**Task statement**
Restate the records word for word. Include no pictures.

[Data records]
=====

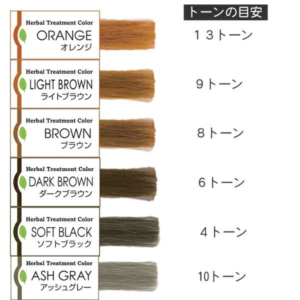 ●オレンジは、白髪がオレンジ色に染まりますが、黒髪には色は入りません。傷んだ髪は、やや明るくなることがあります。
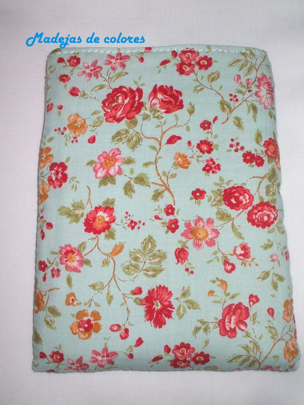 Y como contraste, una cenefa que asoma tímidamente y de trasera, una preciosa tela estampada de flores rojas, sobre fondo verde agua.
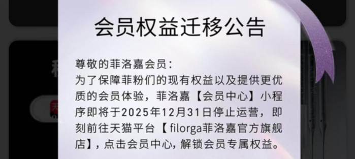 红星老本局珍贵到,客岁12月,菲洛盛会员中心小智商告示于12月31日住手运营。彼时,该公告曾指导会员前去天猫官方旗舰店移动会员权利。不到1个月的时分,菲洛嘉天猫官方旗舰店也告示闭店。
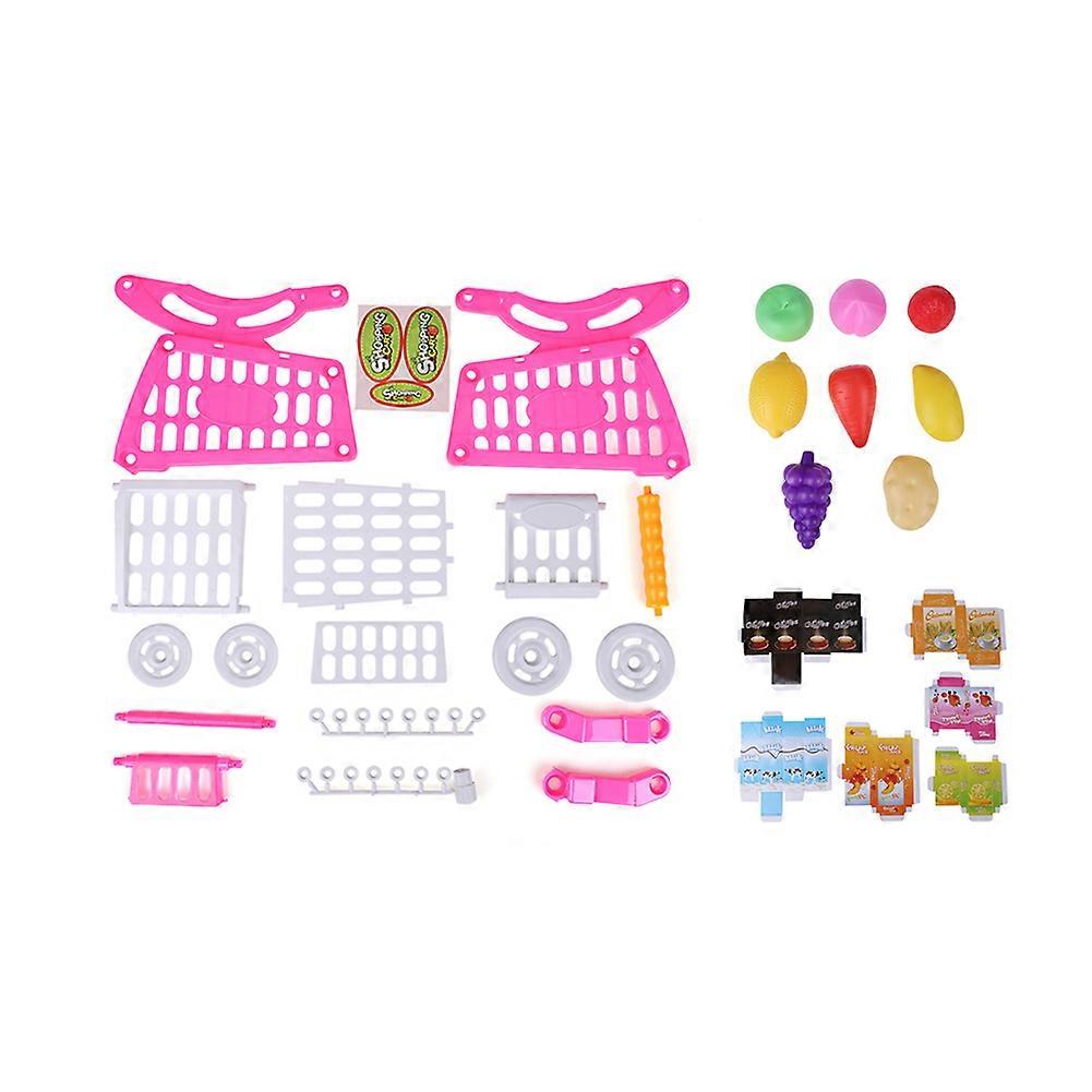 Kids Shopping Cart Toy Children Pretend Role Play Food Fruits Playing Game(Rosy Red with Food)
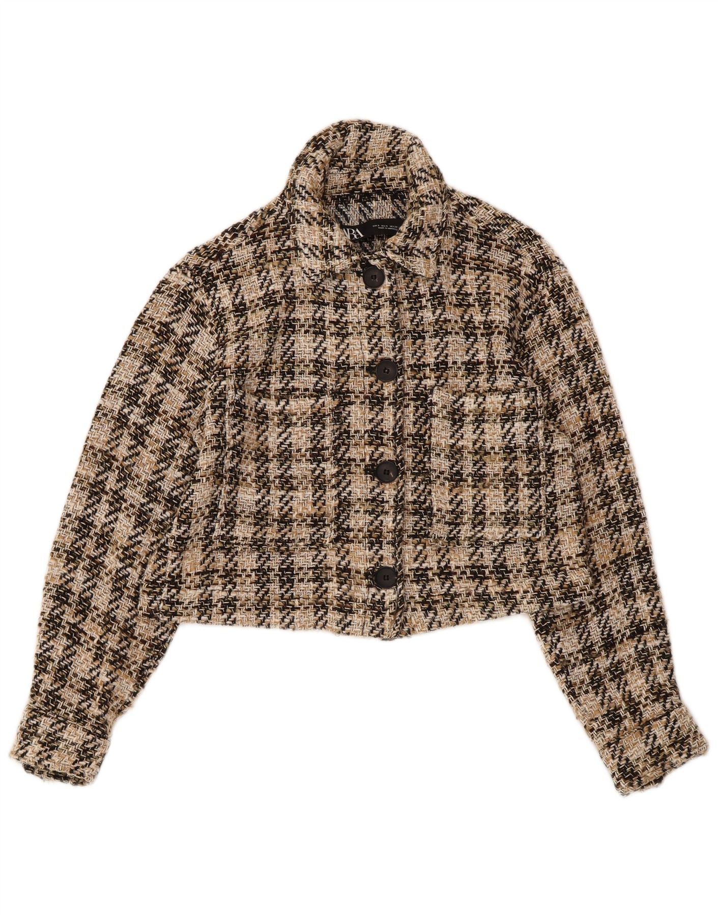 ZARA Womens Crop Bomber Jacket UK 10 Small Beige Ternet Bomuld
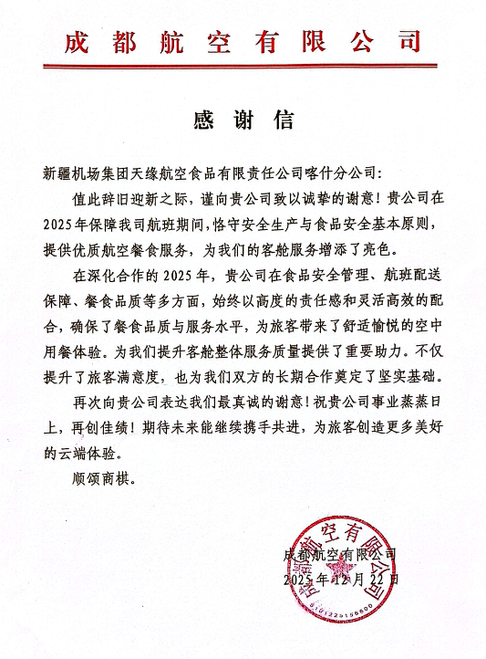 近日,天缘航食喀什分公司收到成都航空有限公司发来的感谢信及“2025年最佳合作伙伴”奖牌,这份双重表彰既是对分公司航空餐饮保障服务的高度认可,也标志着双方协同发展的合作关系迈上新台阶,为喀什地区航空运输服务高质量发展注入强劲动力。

=====

**Reply**
 ●オレンジは、白髪がオレンジ色に染まりますが、黒髪には色は入りません。傷んだ髪は、やや明るくなることがあります。
 Y como contraste, una cenefa que asoma tímidamente y de trasera, una preciosa tela estampada de flores rojas, sobre fondo verde agua.
 红星老本局珍贵到,客岁12月,菲洛盛会员中心小智商告示于12月31日住手运营。彼时,该公告曾指导会员前去天猫官方旗舰店移动会员权利。不到1个月的时分,菲洛嘉天猫官方旗舰店也告示闭店。
 Kids Shopping Cart Toy Children Pretend Role Play Food Fruits Playing Game(Rosy Red with Food)
 ZARA Womens Crop Bomber Jacket UK 10 Small Beige Ternet Bomuld
 近日,天缘航食喀什分公司收到成都航空有限公司发来的感谢信及“2025年最佳合作伙伴”奖牌,这份双重表彰既是对分公司航空餐饮保障服务的高度认可,也标志着双方协同发展的合作关系迈上新台阶,为喀什地区航空运输服务高质量发展注入强劲动力。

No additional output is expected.